EXERCISE OBJECTIVE:
Look through the data below and extract, unchanged, the lines from the one that contains "万宏国际D2户型 3室2厅1卫1厨" to the one that contains "postuar kryeministri Rama.", both included.

DATA SHOWN:
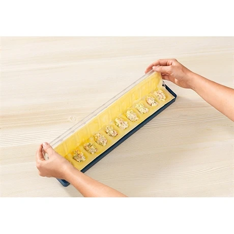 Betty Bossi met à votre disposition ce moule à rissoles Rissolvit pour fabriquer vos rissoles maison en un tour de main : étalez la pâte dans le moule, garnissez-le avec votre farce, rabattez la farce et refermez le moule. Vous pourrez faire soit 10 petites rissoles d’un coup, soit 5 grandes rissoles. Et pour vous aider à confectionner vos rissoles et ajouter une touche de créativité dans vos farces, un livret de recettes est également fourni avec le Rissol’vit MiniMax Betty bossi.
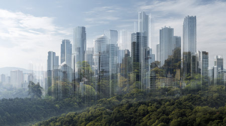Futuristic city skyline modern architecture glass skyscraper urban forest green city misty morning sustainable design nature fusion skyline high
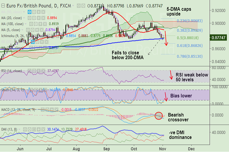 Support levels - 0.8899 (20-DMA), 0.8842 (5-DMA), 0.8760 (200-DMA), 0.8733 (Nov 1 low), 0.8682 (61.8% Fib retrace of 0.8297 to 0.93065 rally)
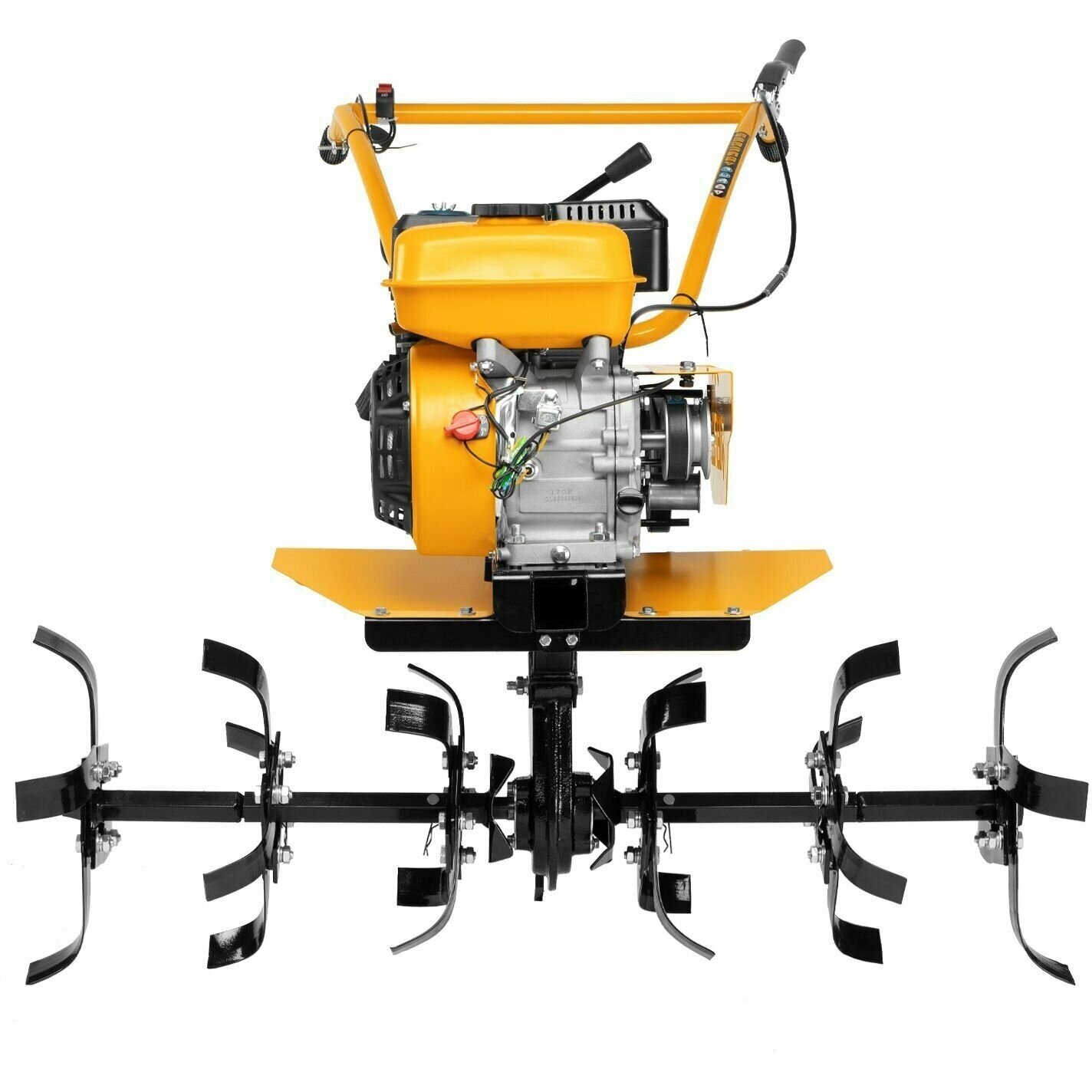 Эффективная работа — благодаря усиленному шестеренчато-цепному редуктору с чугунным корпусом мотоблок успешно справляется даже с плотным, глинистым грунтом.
==
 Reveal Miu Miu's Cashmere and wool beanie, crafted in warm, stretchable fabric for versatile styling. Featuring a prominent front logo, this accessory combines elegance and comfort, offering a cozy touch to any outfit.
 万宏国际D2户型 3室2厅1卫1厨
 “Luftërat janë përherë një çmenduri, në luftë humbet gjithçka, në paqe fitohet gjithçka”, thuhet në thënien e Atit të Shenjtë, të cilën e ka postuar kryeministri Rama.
==
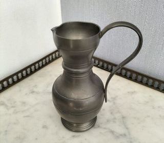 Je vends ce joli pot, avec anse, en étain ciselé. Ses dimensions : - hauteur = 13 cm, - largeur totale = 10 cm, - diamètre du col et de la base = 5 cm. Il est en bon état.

TASK RESULT:
 万宏国际D2户型 3室2厅1卫1厨
 “Luftërat janë përherë një çmenduri, në luftë humbet gjithçka, në paqe fitohet gjithçka”, thuhet në thënien e Atit të Shenjtë, të cilën e ka postuar kryeministri Rama.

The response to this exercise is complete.